Des baraques de la "Quarantäne Hof" (l'espace de quarantaine réservé aux nouveaux arrivants) où les détenus devaient apprendre les règles dictées par les SS, et d'où chaque matin on retirait des cadavres, il ne reste aujourd'hui que des tombes au milieu d'une immense pelouse. Vaste cimetière où sont enfouis des restes humains et des cendres. Les croix sont chrétiennes, juives, musulmanes... Dans cet enclos, Jean-Louis Roussel a raconté le traitement réservé à un groupe d'officiers et de sous-officiers de l'armée russe arrivés au camp en février 1945. 300 d'entre eux étaient parvenus à s'évader en escaladant un mur surmonté de barbelés électrifiés sur lesquels avaient été jetées des couvertures trempées dans l'eau pour provoquer un court-circuit du système électrique. S'en était suivie une alerte générale communiquée à tous les villages alentours pour retrouver les évadés.

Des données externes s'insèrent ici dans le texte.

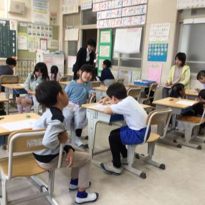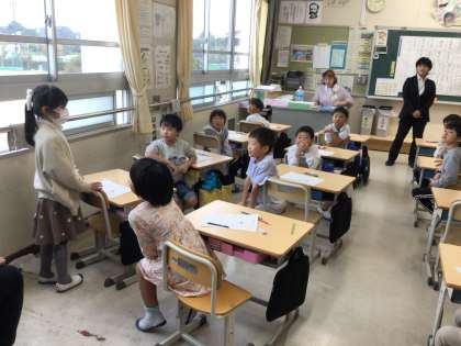 11月14日 その4 公開日 2024/11/14 更新日 2024/11/14 校長室から 1の2 国語です。 サラダで元気 アフリカゾウが飛行機からせかせかと降りてきたよ。 サラダが出来上がってからの仕事はなあに? 校長 1年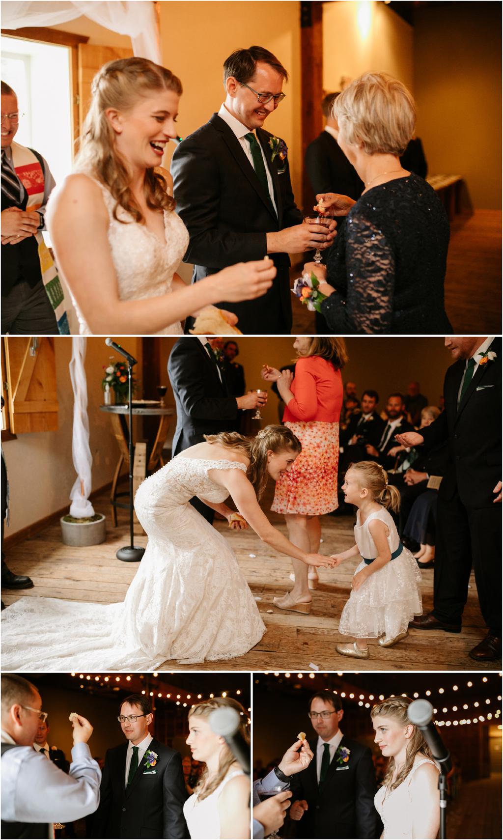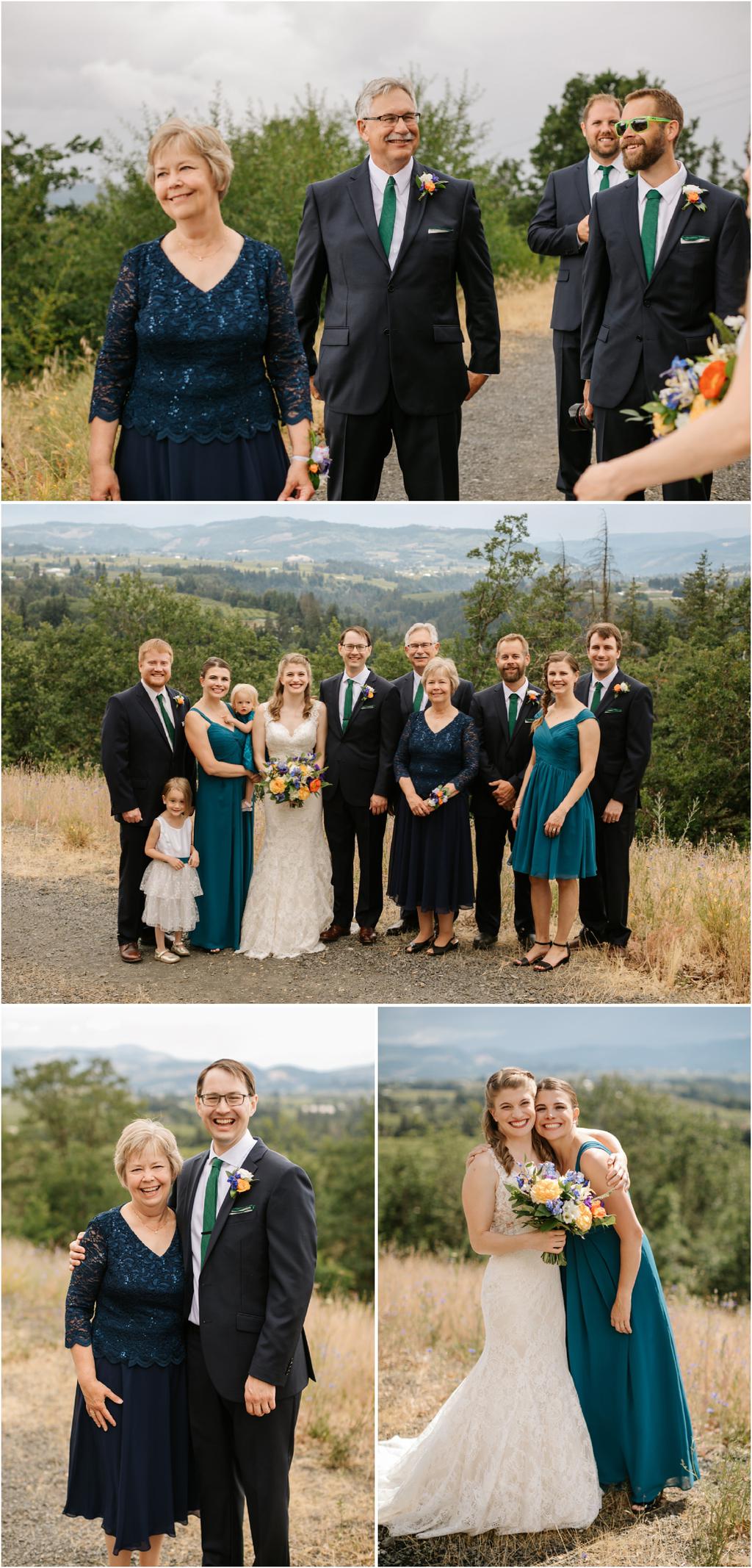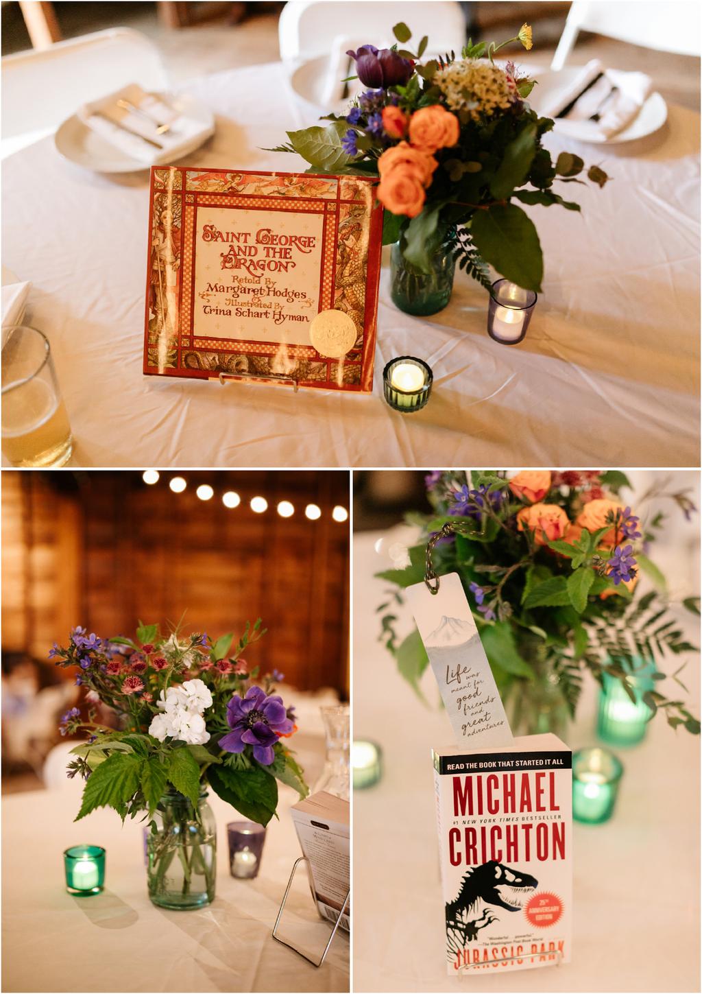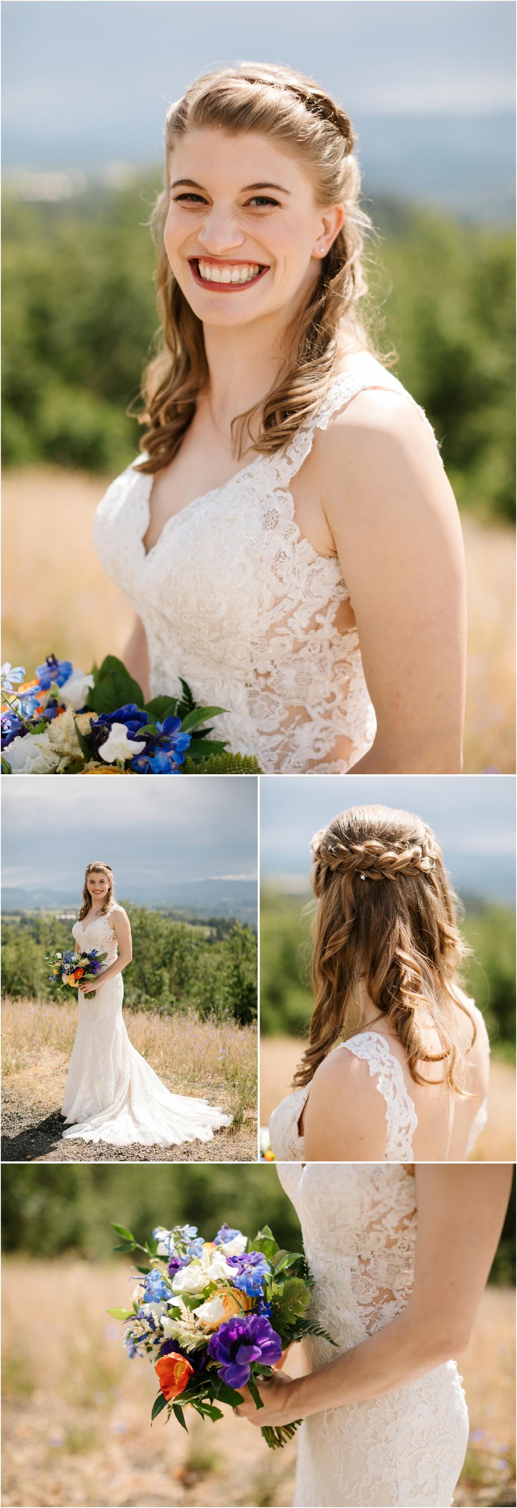 It was a stormy June day. The sun was out and shining one moment and it was pouring rain the next! But it didn’t bring Samantha and Marshall down one bit. These two had the sweetest **Wildwood Events indoor wedding in Hood River, Oregon this past weekend and it was an absolute joy to be there! The day began at Panorama Point where they did their first look. It was raining when we arrived, but we waited it out and the light was gorgeous! Sadly, Mt. Hood decided not to show herself, but it was beautiful anyway. After portraits, they had their beautiful ceremony and reception indoors at Wildwood Events, formerly known as Springhouse Cellar. It’s such a warm and cozy space! I loved that they named their tables after their favorite books and made custom bookmarks as favors. I love reading more than most things so it’s always nice to work with fellow book-lovers! They also had a delicious taco bar catered by Ahi Ohana’s Catering **and it was SO good. They even had a bunch of different hot sauces for spice-lovers like myself! Heck yes.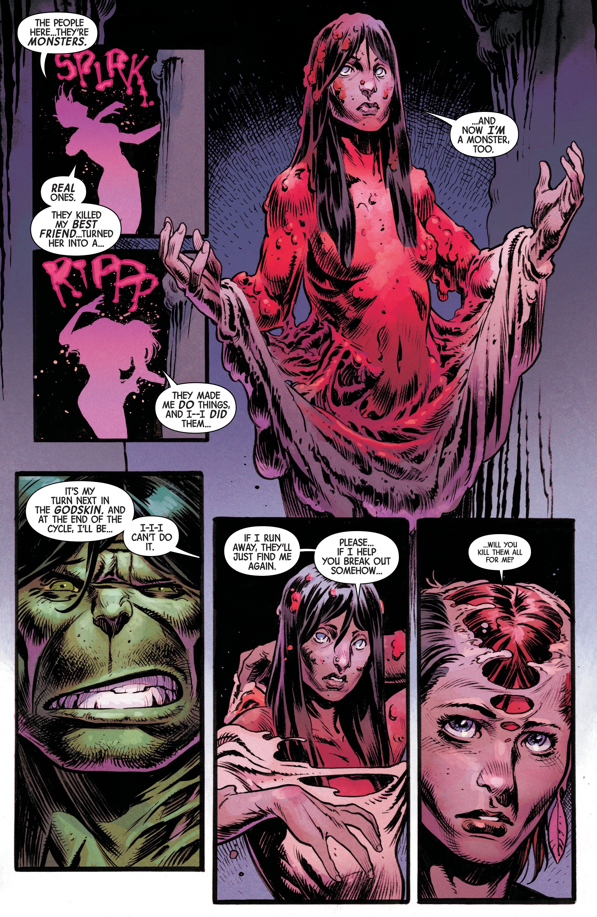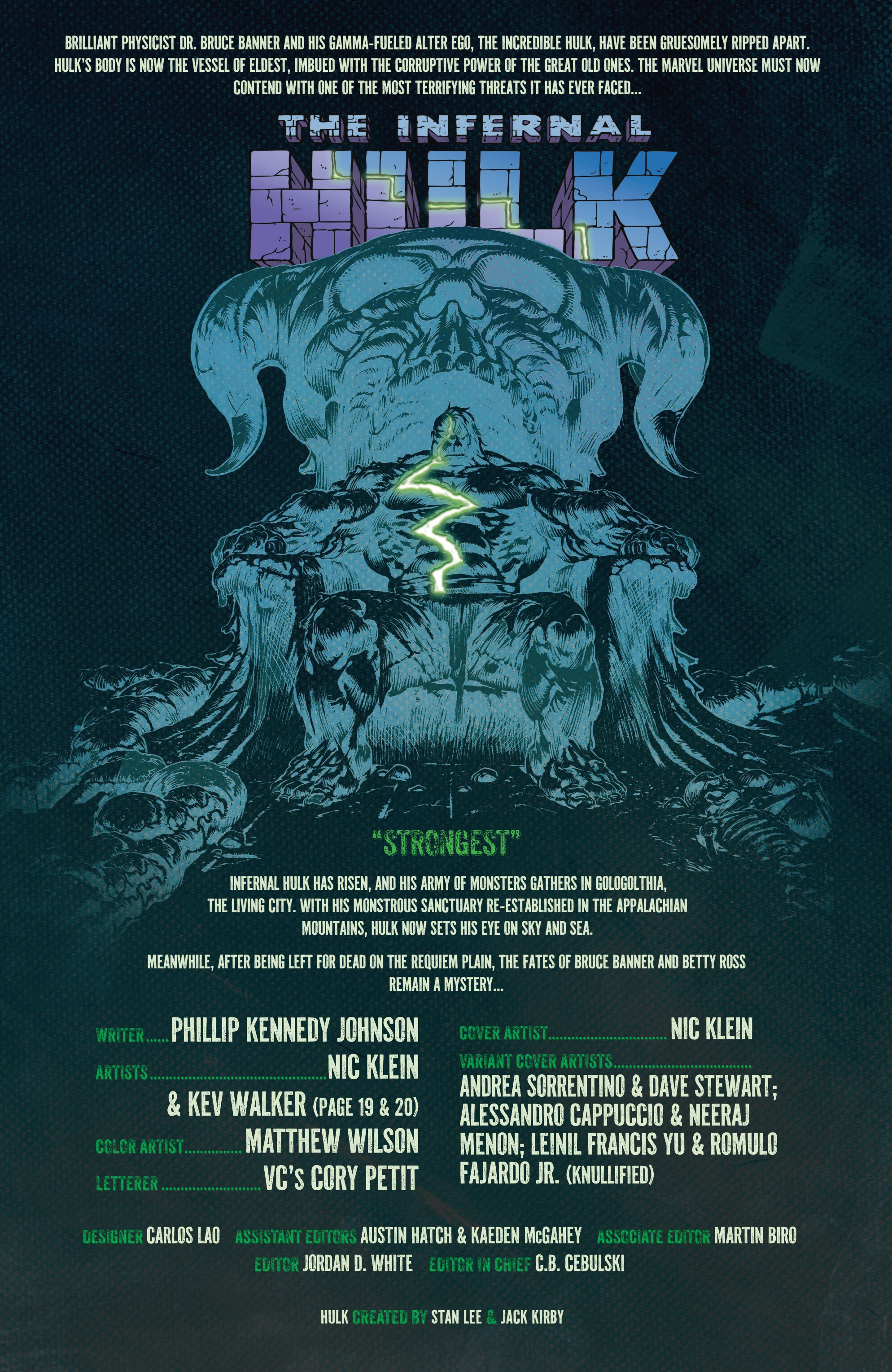 >>151649200Infernal covers:The Infernal Hulk #2 Alessandro Cappuccio VariantThe Infernal Hulk #2 Leinil Francis Yu Knullified VariantThe Infernal Hulk #2 2nd PrintingThe Infernal Hulk #2 2nd Printing 1:25 Andrea Sorrentino Virgin VariantThe Infernal Hulk #2 1:25 Andrea Sorrentino VariantThe Infernal Hulk #2 1:50 Alessandro Cappuccio Virgin Variant>What happened to Bruce Banner in that cave? As the monsters' war on humanity rages across land and sea, Bruce Banner and Betty Ross have finally found their life of quiet normalcy, free from their past and the threat of the Infernal Hulk... or so they think. Is Banner really free? How long can they hide as the world burns down... and what happens when their nightmares find them? Guest-starring IRON MAN, the fate of Bruce Banner is revealed in this pivotal issue!>INTO THE HULKSCAPEAs the Infernal Hulk's Age of Monsters rages across the globe, the INCREDIBLE Hulk is effectively dead, his consciousness locked away in the brutal depths of the Hulkscape. But Hulk discovers he's not alone... his previous alters are locked in with him, as well as the countless victims and vessels of ELDEST. Could one of the Hulks possess the key to taking back their stolen body? And could they have a way to communicate with their long-lost companion CHARLIE?

La population autrichienne elle-même avait alors sorti les fusils pour aller à la "chasse aux lièvres". Il n'y eut que trois survivants qui échappèrent aux lynchages. Un seul resta en Autriche et ne se fit connaître qu'en 1990. Le 15 février 1945, pour prévenir une nouvelle tentative d'évasion à l'occasion d'une nouvelle arrivée d'officiers russes, les SS obligèrent les détenus à se dévêtir complètement et les aspergèrent d'eau. A l'extérieur la température était tombée à -12°. L'un d'eux gela sur place. Une statue toute blanche à l'extérieur du camp rappelle ce crime parmi les milliers qui furent commis ici. Détenus fusillés ou poussés dans les clôtures électrifiées, sans parler des assassinats systématiques des malades devenus bouches inutiles
Comme lors de chaque voyage pédagogique organisé par l'AERIS, les lycéens ont participé à une cérémonie d'hommage aux Sarthois passés par Mauthausen. Au monument français érigé à côté d'autres souvent imposants, ils ont déposé une gerbe à la mémoire des 66 Sarthois qui ne sont jamais revenus. Comme Florent Beaury, de Cérans Foulletourte, dont le petit-fils Benoît Lemonnier était là , autant ému que les plus jeunes. En cet instant, à quoi lui, pouvait-il bien penser?
Philippe LAVERGNE
N.B: Mauthausen fut libéré le 5 mai 1945 par la 11e Division blindée américaine qui découvrit un spectacle effroyable. 15000 corps jonchaient le sol, on les enterra les jours suivants dans des fosses communes. 3000 autres prisonniers moururent de maladie et d'épuisement les semaines suivantes.